Lasers produce very good light beams. This makes them useful as a light source when it is intended to to illuminate just one thing at a time. They are used for this purpose in a CD player, where the beam lights up one tiny pit at a time to read the information on the CD, and in supermarket scanners, where the beam is rapidly played over the bar code to read the pattern of lines and spaces. Laser light beams are also used in surveying and laser gunsights, because they are nice and straight.
Everyday examples
The sun is just out of sight, hidden behind the railing at
the top of this building.
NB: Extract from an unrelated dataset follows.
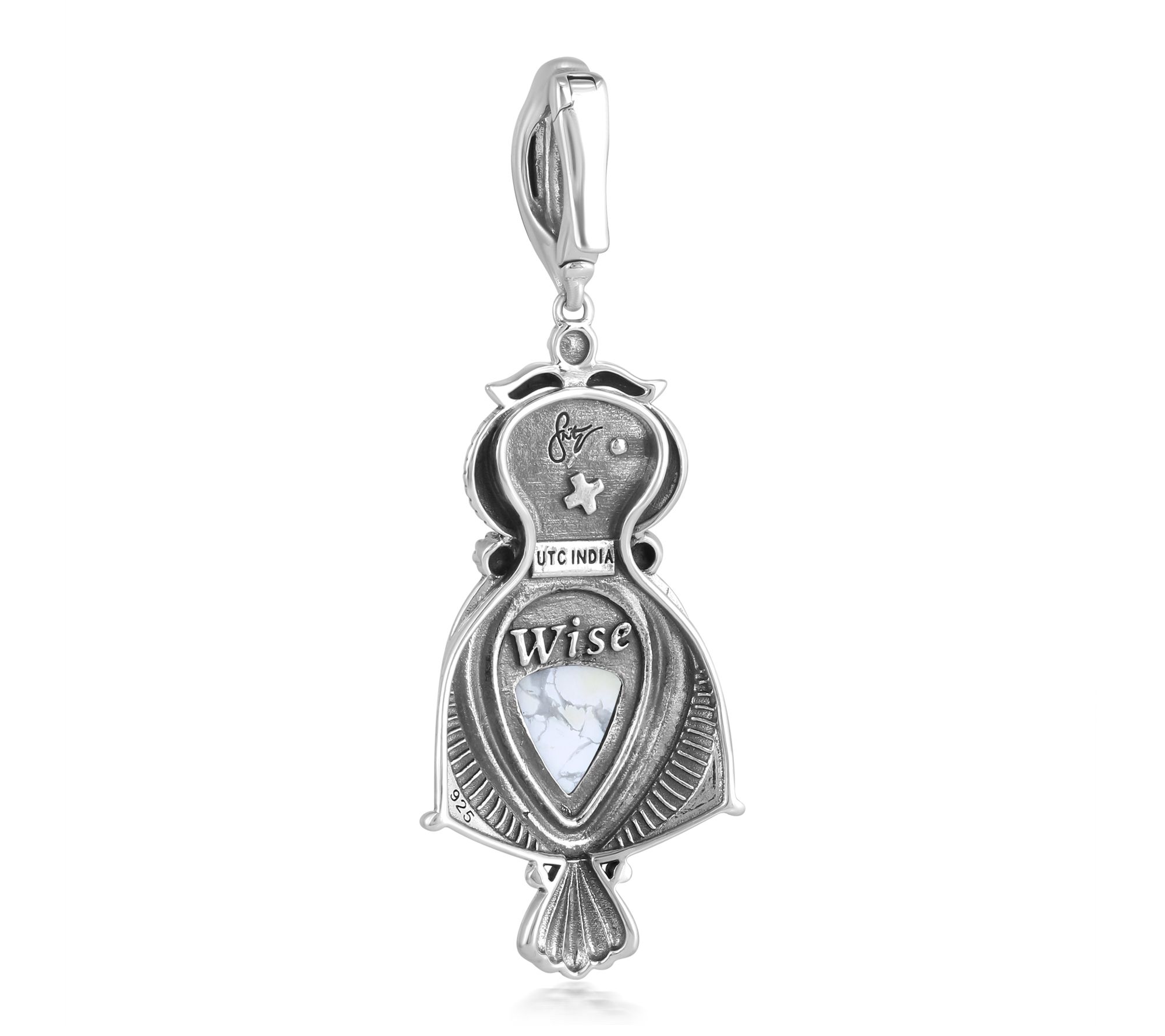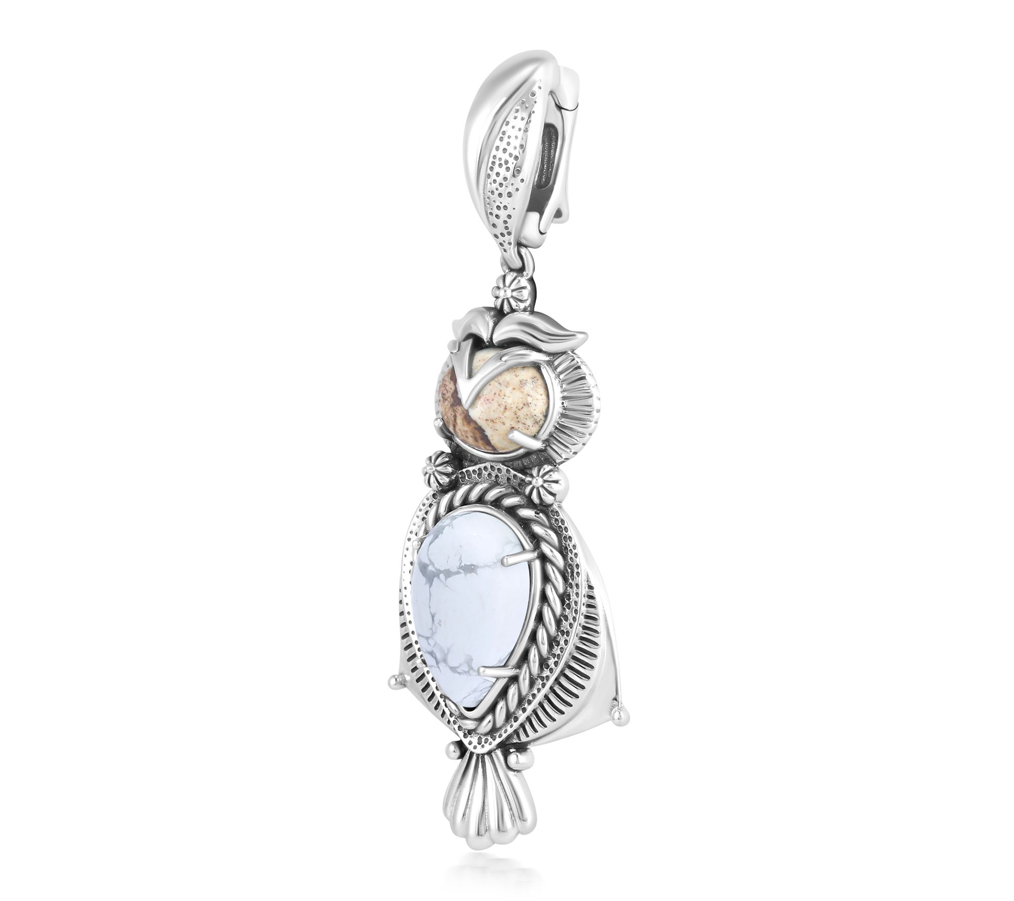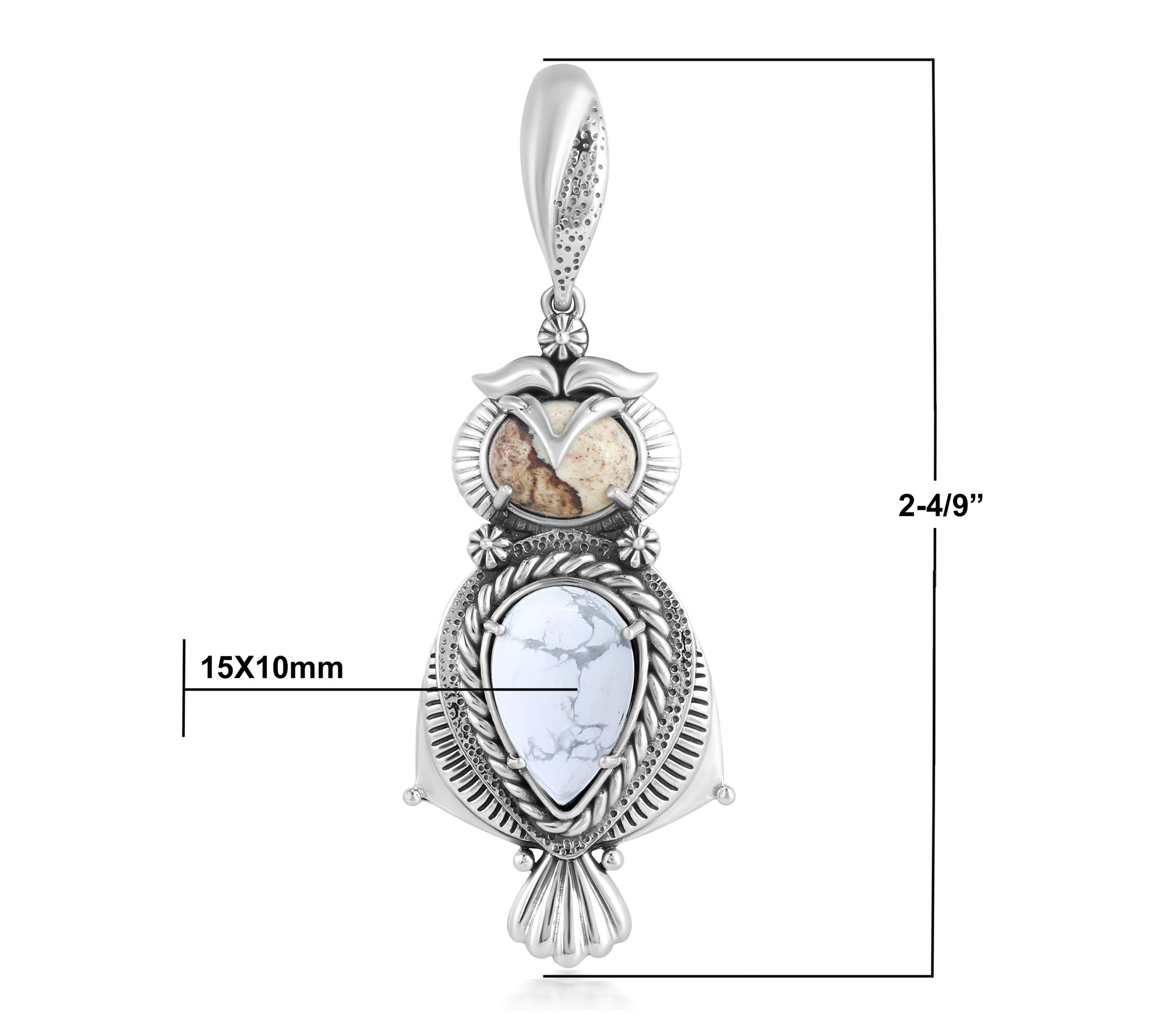 Let this owl enhancer be your symbol of wisdom and style, featuring a pear-shaped howlite cabochon and oval picture jasper cabochon set in sterling silver. Accented with rope, concha flower, and textured patterns, this pendant brings a touch of artistry to your favorite chain or cord -- engraved with "Wise" on the back for meaningful inspiration. From American West Jewelry.

Some workmen on the roof have
raised a cloud of dust, which lets us see the light beams
streaming through the apertures below the top railing.
Although the beams appear to be diverging, they actually are
parallel (this is the same effect that causes the two sides
of a long straight road to appear to come together at the
horizon).
In this picture, beams of
sunlight are breaking through holes in the clouds. The
interpretation is the same as in the previous picture, though
the explanation is more difficult because it is harder to
tell how far away is the hole in the clouds that forms the
beam.
Pancakes for breakfast made just enough
smoke to reveal the sunbeams coming through the patterned glass window.